Improve Cash Flow You can improve cash flow by increasing revenue-perhaps by increasing prices, changing product bundles and related pricing, focusing marketing on proven ways to drive revenue, incentivizing and upgrading skills of salespeople, sponsoring sales promotions, and removing low-performers organization-wide.
Ask suppliers for more favorable terms.
Take advantage of cash discounts.
Wherever possible, accelerate your collections.
Renegotiating leases can improve cash flow, especially with assistance of a commission-based consultant.
Ignite Sales and Revenues It's a red flag if your business is dependent on you as its main salesman.
One way to increase revenue is to seek sales channels outside your business.
Strategic alliances can diversify sources of revenue and also can be a trial run of compatibility and value with a potential buyer.
Please be aware that it can take a year to get an effective alliance program going effectively.
Before selling your business may be the time to introduce new products, expand distribution channels, and enlarge your geographic presence.
Depending on your selling time frame, acquiring new business lines and entering new markets may also attract particular categories of buyers.
Doing so requires more lead time - anywhere between one and three years - and investment, however, so weigh return on investment carefully.
Diversify Your Customer and Supplier Base Another smart step to diversify your customer base, especially if you're dependent on a few customers.

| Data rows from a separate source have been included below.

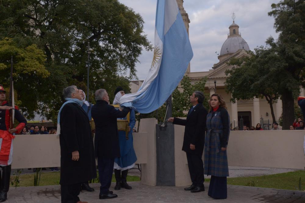 Las actividades conmemorativas comenzaron con el izamiento de la Bandera Nacional, a cargo del vicegobernador acompañado por el jefe de Gabinete, la intendente y el presidente del Poder Judicial.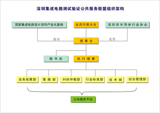 如上图所示,会员代表大会由IC设计公司,封装测试厂,设备厂商,高校,研究所和电子制造工厂代表组成,是深圳集成电路测试验证公共服务联盟的最高权力机构,下设理事会,理事会是联盟管理的智囊团,各种规章制度的起草者和重大事务的决策者,其下又设执行理事和秘书处,执行理事负责日常事务的实际运行,是公共服务联盟的操作单位,秘书处主要负责会员代表大会的召开以及日?;嵩笔乱说淖橹?,执行理事又下设业务拓展部、客服部、纠纷仲裁部、行业标准部、技术部和综合管理部。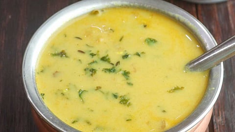 ஊறவைத்த புளியுடன் 1 தக்காளியை நன்றாக கையாலேயே நசுக்கி சேர்த்து விட்டு அத்துடன் தேவையான அளவு உப்பு, ¼ தேக்கரண்டி மஞ்சள் தூள், கொத்தமல்லி சிறிது சேர்த்து கலக்கவும். இத்துடன் தண்ணீர் தேங்காய்ப் பாலை சேர்த்து கலந்து விடவும்.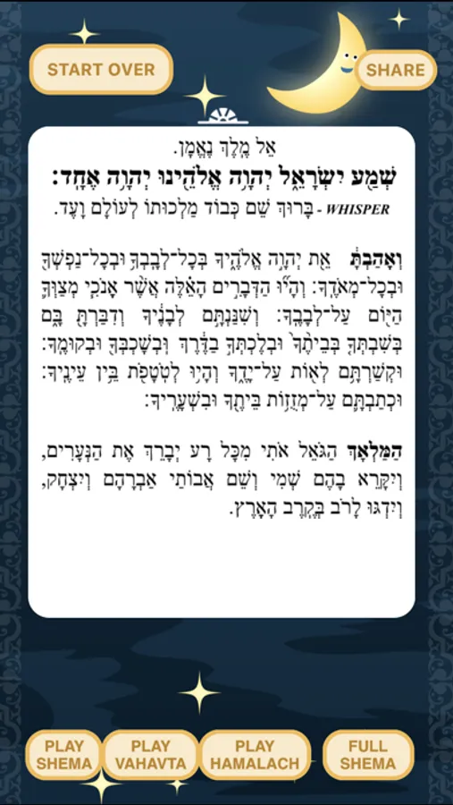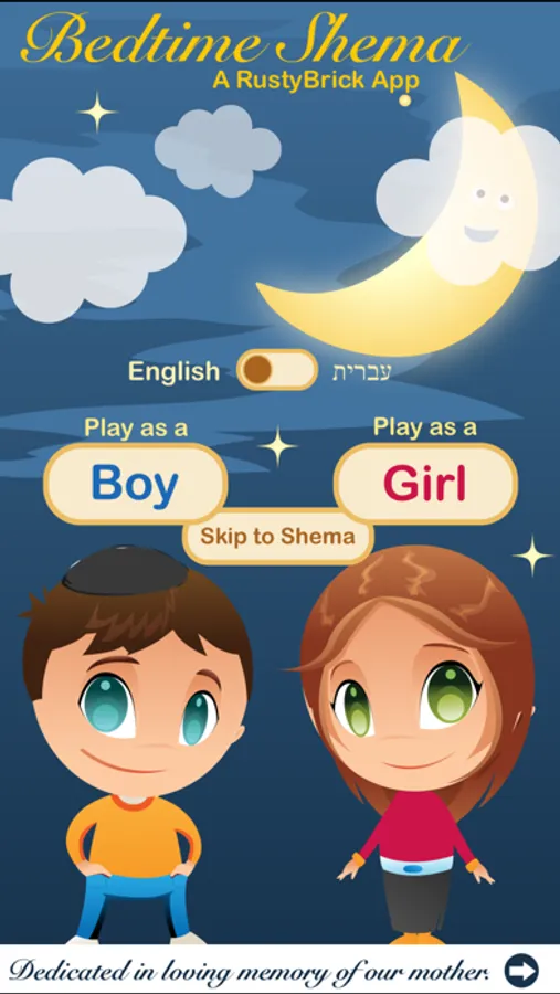 The Bedtime Shema app is a fun and interactive learning aid for Jewish children. The purpose of the app is to help children learn to say the Bedtime Shema, the קריאת שמע על המטה.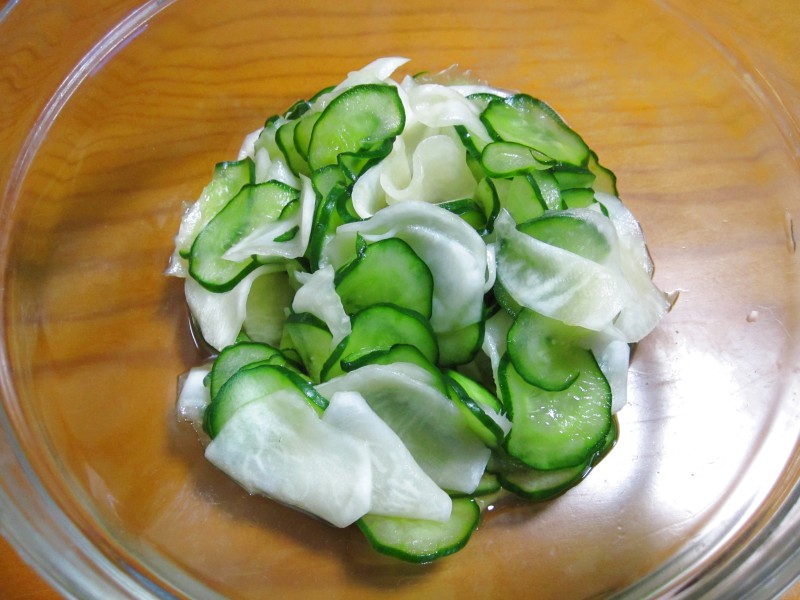 ↑キュウリとカブの浅漬け。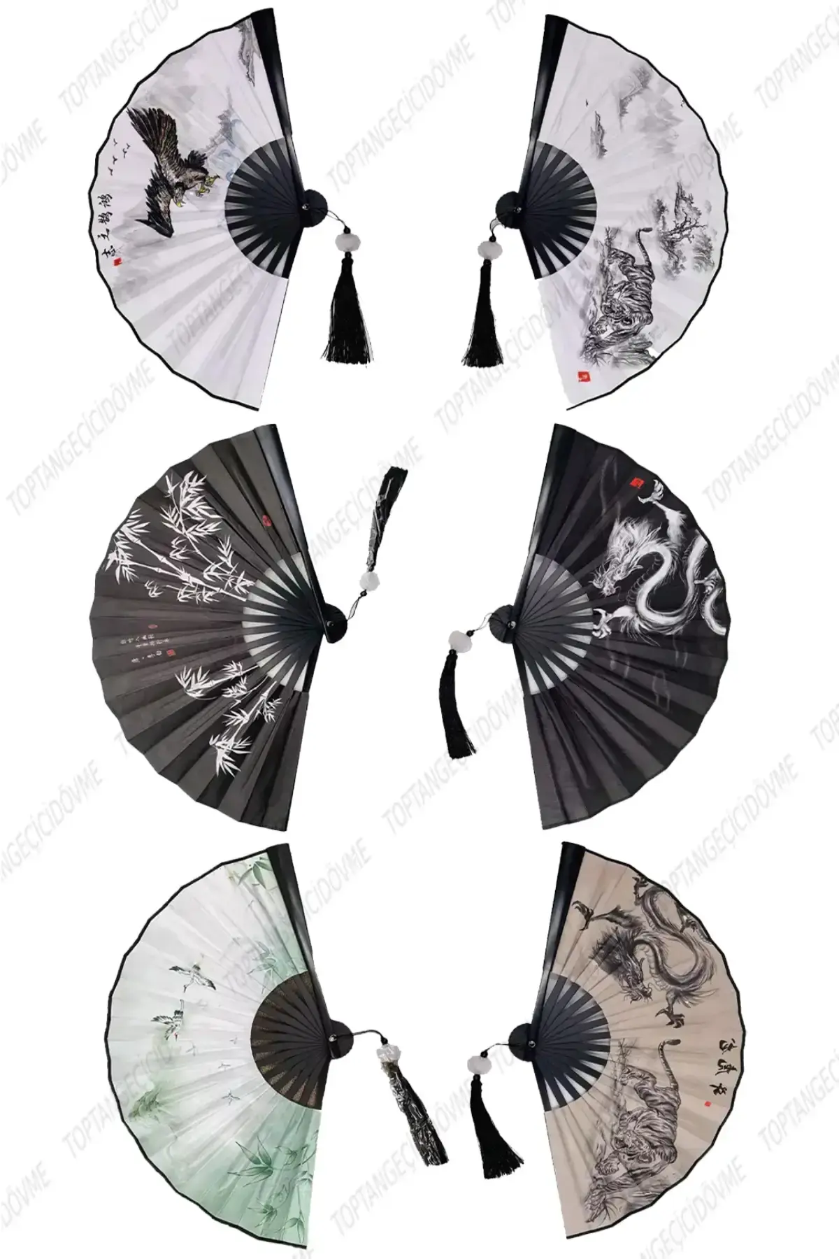 Ürün Açıklaması: Uzak Doğu mitolojisinin ve doğasının en güçlü sembollerini bir araya getiren bu özel yelpaze serisi, geleneksel zanaatkarlığı modern bir dekoratif anlayışla sunar. Ejderha, kaplan, kartal ve bambu gibi kadim motiflerle bezeli olan bu koleksiyon; güç, asalet ve huzuru temsil eder. Yüksek kaliteli iskeleti, akıcı püskül detayları ve kontrast renk paleti ile hem profesyonel sahne performansları (dans, dövüş sanatları) hem de sofistike duvar dekorasyonları için mükemmel bir seçimdir.
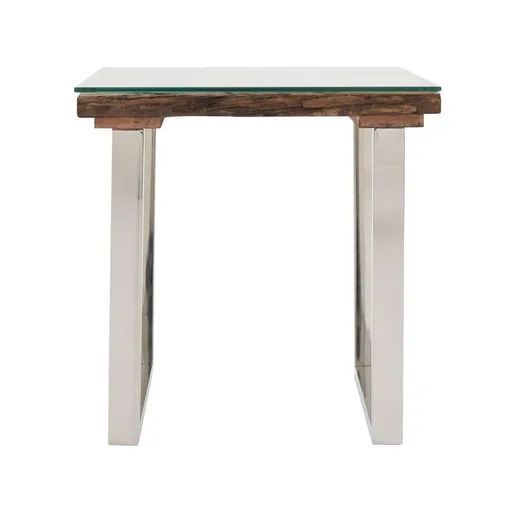 The Railway Side Table will visually enhance the style of your living room. U-shaped polished stainless steel legs support a distressed railwood top in natural brown with a grainy feel to the touch protected with a smooth clear tempered glass, establishing an upscale one of a kind design in your own home.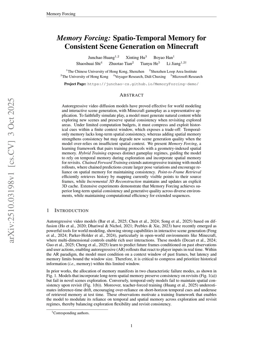 Memory Forcing: Spatio-Temporal Memory for Consistent Scene Generation on Minecraft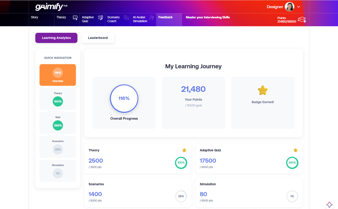 gAImify Hub responds to this through custom storytelling and gamified learning journeys. Story gives context. Gamification gives movement. Together, they help learning feel more purposeful and memorable. Learners can move through experiences that are better connected to role reality, while challenges, progress markers, and visible development help sustain engagement over time.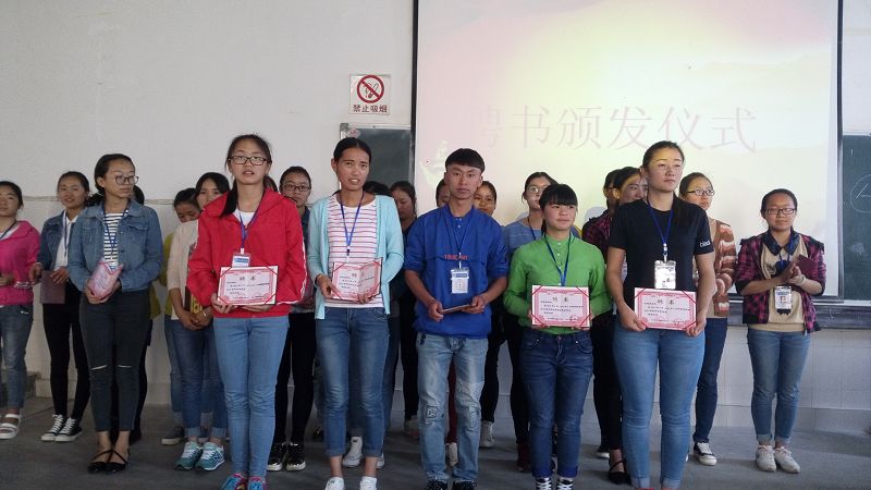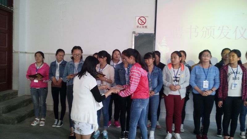 最后,出席工作交接仪式的系部领导为卸任的全体学生会成员发放了任内的聘书。工作交接仪式圆满结束,会后14级全体学生会成员还与参会领导合影留念。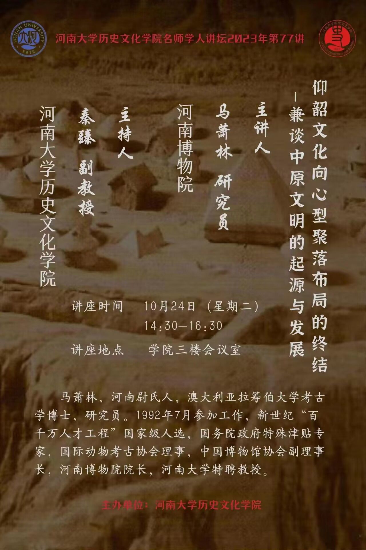 【讲座通知】马萧林:仰韶文化向心型聚落布局的终结——兼谈中原文明的起源与发展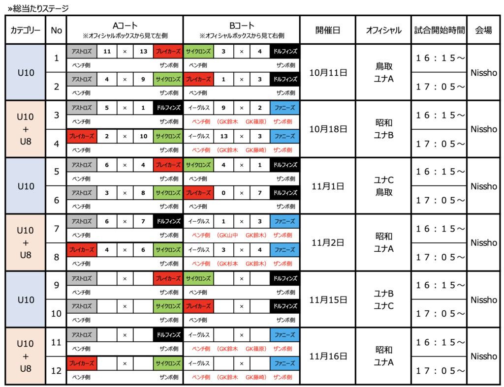 ☑️大会日程【予選リーグ・順位決定リーグ】

Further, seek customers who offer non-cyclical demand to counter over-dependence on cyclical or seasonal customers.
A strong, diverse customer base radiates value and resilience that will pay off in the selling price of your business.
Being dependent on too few suppliers is also a weakness that may impact your selling price.
Address enhancement opportunities and deficiencies in your supply chain.
Expand the number of suppliers, especially critical ones.
Diversifying your customer and supplier base can take between one and three years, so plan accordingly.
That is not to say immediate changes can't happen or won't have impact.
But we all know it takes effort to find quality partners at either end of the chain.
Reduce Expenses When preparing your business for sale, examine every expense to root out waste.
Trim inessential expenses like entertainment and travel.
Review utility and telephone costs, preferably by hiring a commission-based auditor.
It may be worth appealing property taxes, renegotiating insurance coverage, and appealing workers' compensation ratings.
Consider converting leased and financed assets to owned assets.
A concentrated effort could take three months.
If you haven't been using a budgeting process, now is the time to start.
Buyers will want to see them.
I invite you to use these ideas as you start the journey to sell a business.